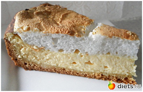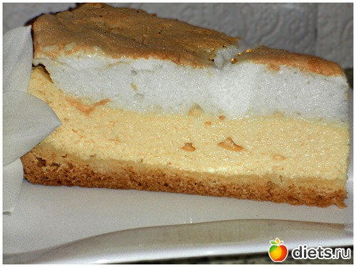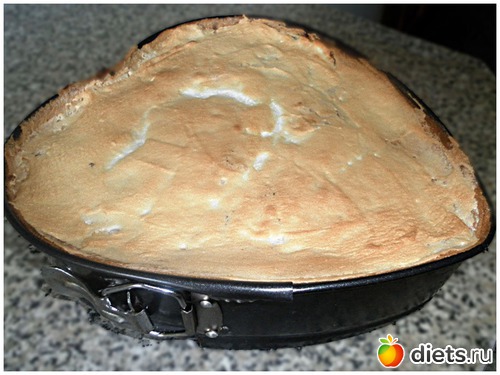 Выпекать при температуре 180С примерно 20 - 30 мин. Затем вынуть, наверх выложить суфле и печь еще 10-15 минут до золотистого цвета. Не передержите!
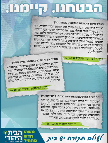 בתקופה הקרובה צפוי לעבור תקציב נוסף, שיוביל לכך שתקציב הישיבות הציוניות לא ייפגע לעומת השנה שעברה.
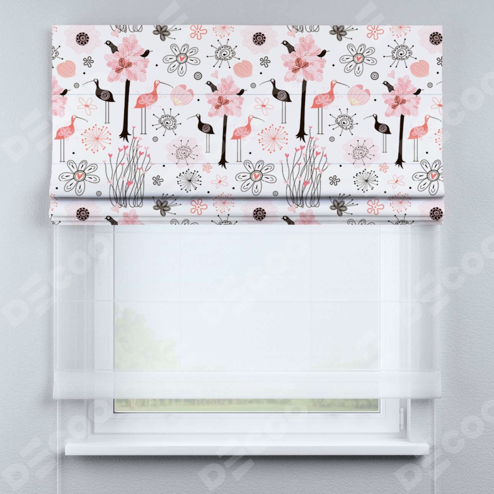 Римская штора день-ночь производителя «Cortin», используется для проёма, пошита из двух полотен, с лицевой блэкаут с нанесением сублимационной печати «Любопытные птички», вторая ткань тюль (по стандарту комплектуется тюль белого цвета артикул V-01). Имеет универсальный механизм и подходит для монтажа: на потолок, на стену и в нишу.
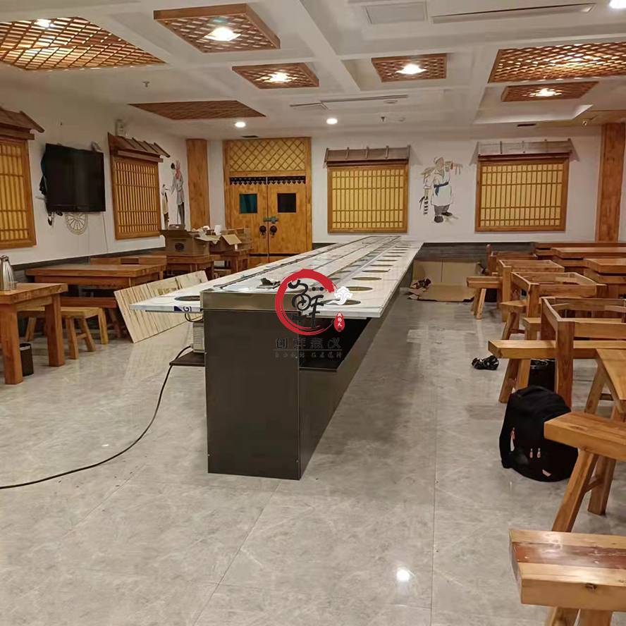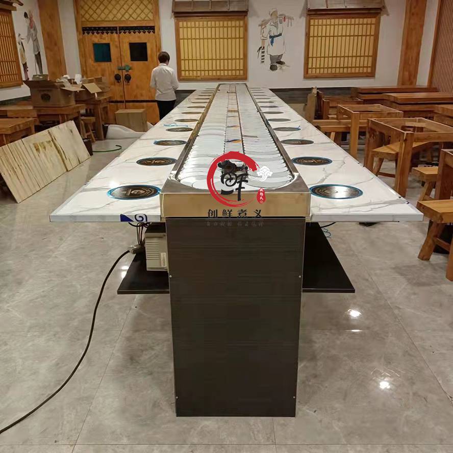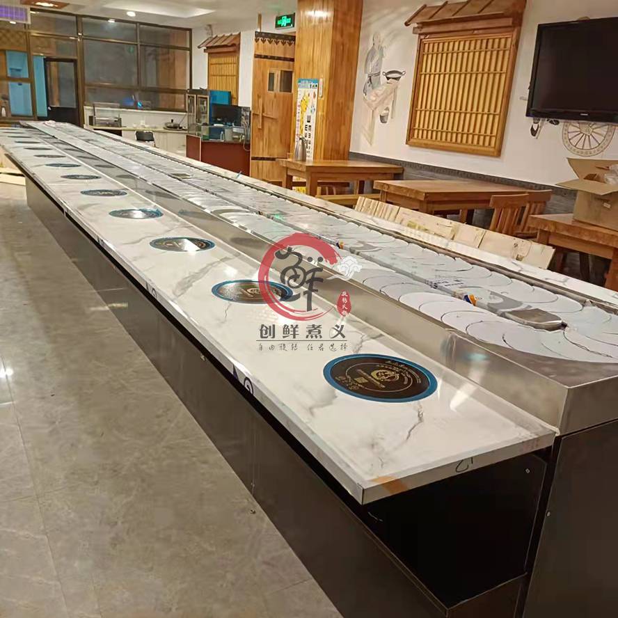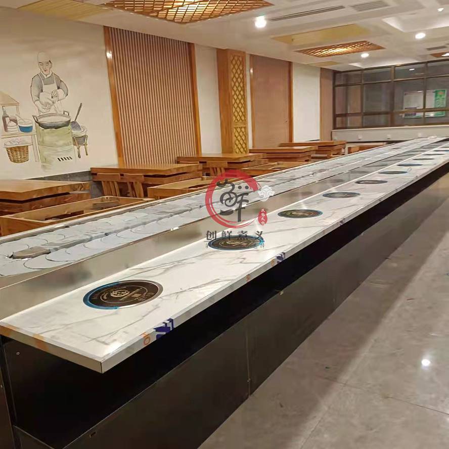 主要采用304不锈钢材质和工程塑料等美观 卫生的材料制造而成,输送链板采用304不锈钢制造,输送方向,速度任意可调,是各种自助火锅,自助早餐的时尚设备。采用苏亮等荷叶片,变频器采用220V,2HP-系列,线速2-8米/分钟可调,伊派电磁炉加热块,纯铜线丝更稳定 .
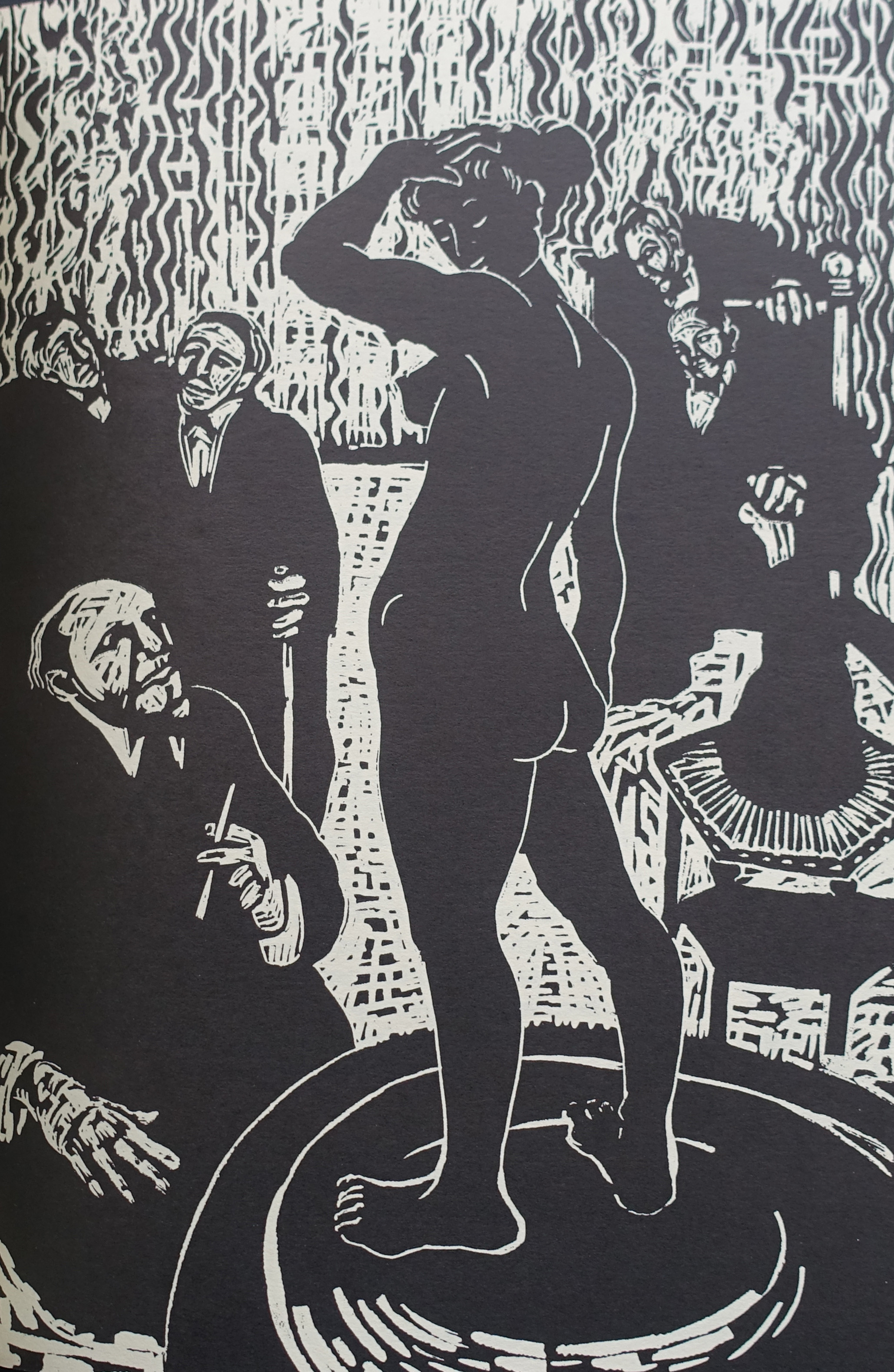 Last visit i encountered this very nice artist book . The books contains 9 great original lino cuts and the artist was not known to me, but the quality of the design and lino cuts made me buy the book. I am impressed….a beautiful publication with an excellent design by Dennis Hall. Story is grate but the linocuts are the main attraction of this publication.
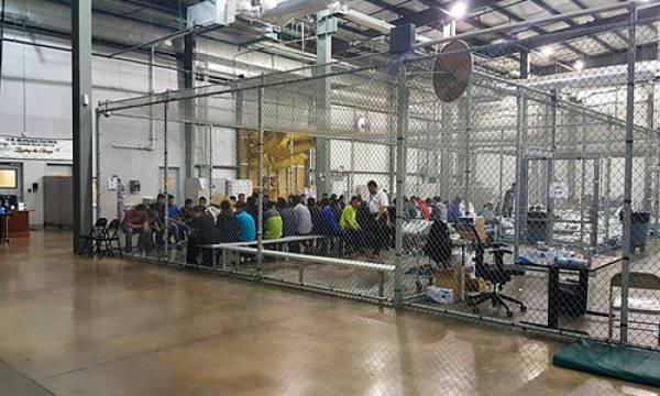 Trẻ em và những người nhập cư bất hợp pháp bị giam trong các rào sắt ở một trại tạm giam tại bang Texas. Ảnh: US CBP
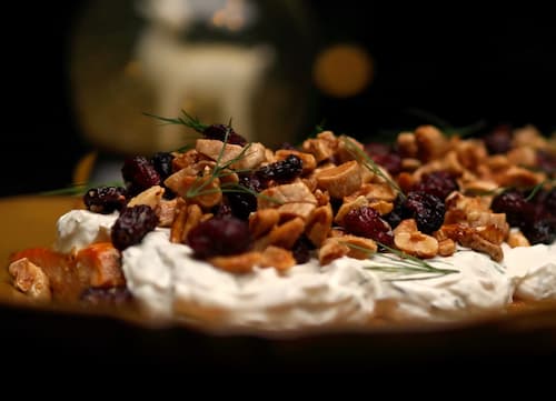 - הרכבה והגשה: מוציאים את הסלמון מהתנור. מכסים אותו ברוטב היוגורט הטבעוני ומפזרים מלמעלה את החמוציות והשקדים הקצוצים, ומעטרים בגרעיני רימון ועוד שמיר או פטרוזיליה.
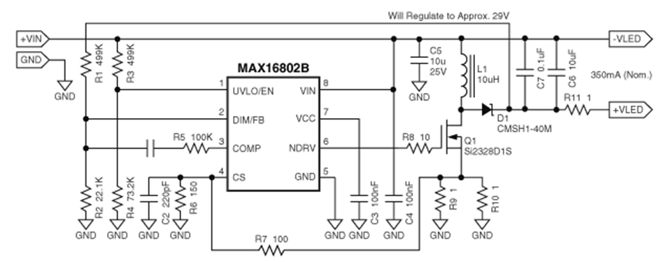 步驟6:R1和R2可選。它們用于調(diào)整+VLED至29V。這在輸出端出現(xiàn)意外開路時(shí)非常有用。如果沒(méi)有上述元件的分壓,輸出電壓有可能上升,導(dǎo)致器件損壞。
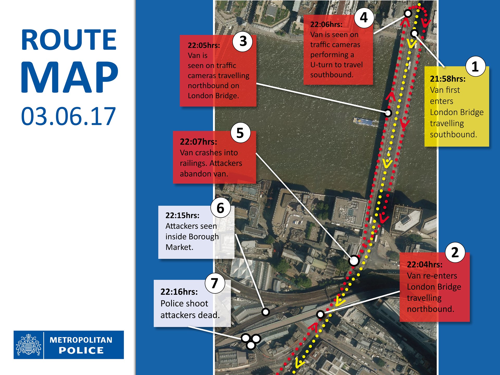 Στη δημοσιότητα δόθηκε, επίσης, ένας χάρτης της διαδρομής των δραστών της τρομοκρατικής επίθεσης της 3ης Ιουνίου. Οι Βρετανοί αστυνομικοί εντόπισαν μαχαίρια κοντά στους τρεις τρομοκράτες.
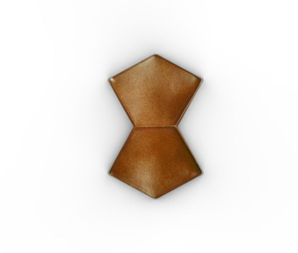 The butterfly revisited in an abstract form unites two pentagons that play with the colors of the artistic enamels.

**Your assignment**
Return verbatim every line from the one holding "- הרכבה והגשה: מוציאים" to the end of the records above. Do not copy the pictures.

**Answer section**
 - הרכבה והגשה: מוציאים את הסלמון מהתנור. מכסים אותו ברוטב היוגורט הטבעוני ומפזרים מלמעלה את החמוציות והשקדים הקצוצים, ומעטרים בגרעיני רימון ועוד שמיר או פטרוזיליה.
 步驟6:R1和R2可選。它們用于調(diào)整+VLED至29V。這在輸出端出現(xiàn)意外開路時(shí)非常有用。如果沒(méi)有上述元件的分壓,輸出電壓有可能上升,導(dǎo)致器件損壞。
 Στη δημοσιότητα δόθηκε, επίσης, ένας χάρτης της διαδρομής των δραστών της τρομοκρατικής επίθεσης της 3ης Ιουνίου. Οι Βρετανοί αστυνομικοί εντόπισαν μαχαίρια κοντά στους τρεις τρομοκράτες.
 The butterfly revisited in an abstract form unites two pentagons that play with the colors of the artistic enamels.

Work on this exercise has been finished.